Для того чтобы дополнительно проиллюстрировать, как понимал Федин русский национальный характер, достаточно вспомнить хотя бы его отношения с несколькими выдающимися художниками-графиками. Прежде всего — с Николаем Кузьминым, передавшим в рисунках биографию лесковского героя Левши, а затем выпустившего также иллюстрированную мемуарную книгу «Круг царя Соломона», Владимиром Милашевским, создателем новой техники портретного рисунка, и Владимиром Фаворским, автором знаменитых гравюр по сюжетам «Слова о полку Игореве»… С первыми двумя из них, саратовцами по происхождению, мне посчастливилось встречаться. Свое письмо автору Н.В. Кузьмину по поводу отечественных «горемык-гениев» Федин включил в газетную статью «Новое издание Левши» (май 1956 г.). «Я с наслаждением рассматриваю рисунки, — писал он там, — и дивлюсь тому, как Вы точно ухватили и передали самый дух лесковского шедевра — это сочетание насмешливого с грустным, явного со скрытым, эту пропасть между действительностью и сказкой, а в то же время их слитное единство.

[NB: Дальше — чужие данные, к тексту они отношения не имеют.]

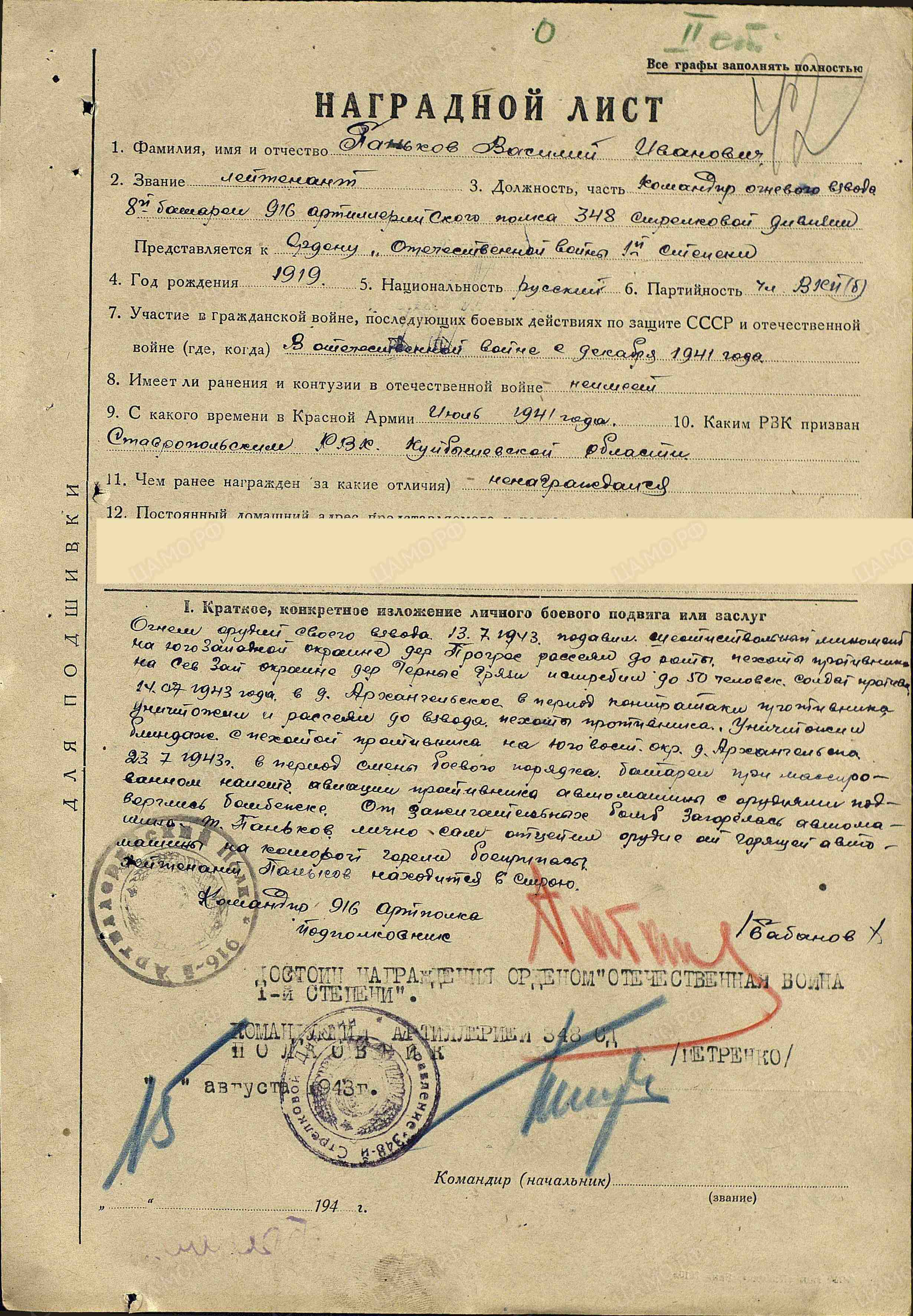 Огнем орудий своего взвода 13.07.1943 года подавил шестиствольным минометом на юго-западной окраине дер. Прогресс рассеял до роты пехоты противника. На северо-западной окраине дер. Черные Грачи истребил до 50 человек солдат противника. 14.07.1943 года в д. Архангельское в период контратаки противника уничтожил и рас-сеял до взвода пехоты противника. Уничтожил блиндаж с пехотой противника на юго-восточной окраине д. Архангельское. 23.07.1943 г. в период смены боевого порядка батареи при массированном налете авиации противника автомашины с орудиями подверглись бомбежке. От зажигательных бомб загорелась автомашина. Т. Паньков лично сам отцепил орудие от горящей автомашины, на которой горели боеприпасы. Лейтенант Паньков находится в строю. Достоин награждения орденом Отечественной войны I степени. (решением командования награжден орденом Отечественной войны II степени Наградной лист от 15 августа 1943 года) Находясь в боевых порядках пехоты в районе дер. Веричев 1.03.1944 года, своей батареей подбил 3 танка, из них, один подожжен, рассеял и уничтожил до двух взводов пехоты противника. 22.02.1944 года в районе западнее Вишен подавил огонь 105мм батареи противника, а прислугу этой батареи рассеял и уничтожил. В результате чего батарея противника была захвачена нашими частями (р-н дер. Вишин). Лейтенант Паньков находится в строю. Достоин награждения правительственной наградой орденом Отечественной войны I степени (решением командования награжден орденом Красной Звезды. Наградной лист от 5 марта 1944 года)

Вся эта утонченная игра Лескова, который словом одним и изворотом слова дает почувствовать свою любовь к “величайшему гению” с утраченным для потомства именем и горькую свою злобу на несчастье русской народной судьбы…»
Все мы помним, конечно, сказ Лескова, как неграмотный тульский оружейник вместе с двумя сотоварищами подковал нимфузорию — подарок англичан русскому государю, победителю Наполеона, Александру I. То был бриллиантовый орех, а в нем чудо заморской ювелирной индустрии — микроскопических размеров шевелящая усиками, прыгающая и танцующая кадриль стальная блоха. Ради самолюбия государева, чтобы показать, что и мы не лаптем щи хлебаем, русский умелец из народа, без всяких там мелкоскопов и других чужеземных изобретений явил пущее диво ювелирно-кузнечной техники. Они втроем эту нимфузорию невидимыми гвоздиками подковали и даже выгравировали на подковках свои имена.

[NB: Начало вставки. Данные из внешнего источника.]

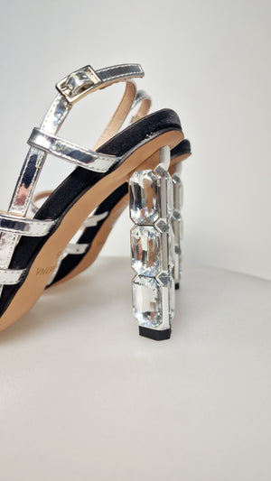 I sandali Mameana presentano una struttura argento effetto specchio ed il sottopiede in raso nero, rendendoli versatili ad ogni outfit. Il tacco gioiello da 11 cm e la plateau di 1 cm assicurano un'eleganza senza pari. Ideali per qualsiasi occasione.

Гораздо менее памятна другая половина истории — чем же этот величайший технический гений у себя на Родине кончил. Между тем в сказе 20 глав, действуют два императора — помимо Александра I, главным образом Николай I. По существу, это маленький роман в фольклорном стиле. Лесков был замечательный народный писатель и не побоялся явить в доподлинности обе стороны национальной медали.
Чтобы утереть нос гордому Альбиону и показать талант собственной нации, Николай I вместе с подкованной блохой распорядился послать в Великобританию гениального исполнителя — мастерового Левшу, имени которого даже никто толком не знал. По государеву слову усердствовали, как всегда, впопыхах. И хотя Левшу не отправили, как он есть, битого и драного по всяким поводам настолько, что у него и волосьев на голове почти не осталось. А слегка прихорошили и одели в парадный кафтан с придворного церковного певчего. Гений техники в глазах дворцовых служителей, в их самодельной табели о рангах был равен певчему! Но при этом не озаботились выправить ему паспорт и другие тугаменты.

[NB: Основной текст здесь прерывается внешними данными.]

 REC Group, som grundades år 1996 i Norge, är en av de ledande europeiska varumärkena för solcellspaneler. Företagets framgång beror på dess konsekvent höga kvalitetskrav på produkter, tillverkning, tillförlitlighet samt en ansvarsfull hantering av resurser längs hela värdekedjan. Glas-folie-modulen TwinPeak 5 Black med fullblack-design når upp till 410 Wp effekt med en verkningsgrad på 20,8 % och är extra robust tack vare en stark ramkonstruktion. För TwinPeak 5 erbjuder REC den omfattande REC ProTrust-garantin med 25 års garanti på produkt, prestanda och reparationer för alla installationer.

Впрочем, у аглицкой нации, как вскоре убедился Левша, «на всё другие правила жизни, науки и продовольствия, и каждый человек у них себе все абсолютные обстоятельства перед собою имеет, и через то в нем совсем другой смысл». Курьер, сопровождавший Левшу, «хотя и чин имел и на разные языки был учен», он для англичан остался без потребностей. Они его лишь три дня поили и уломали побыстрее отбыть назад в Россию. А Левшу принялись всячески обхаживать и соблазнять.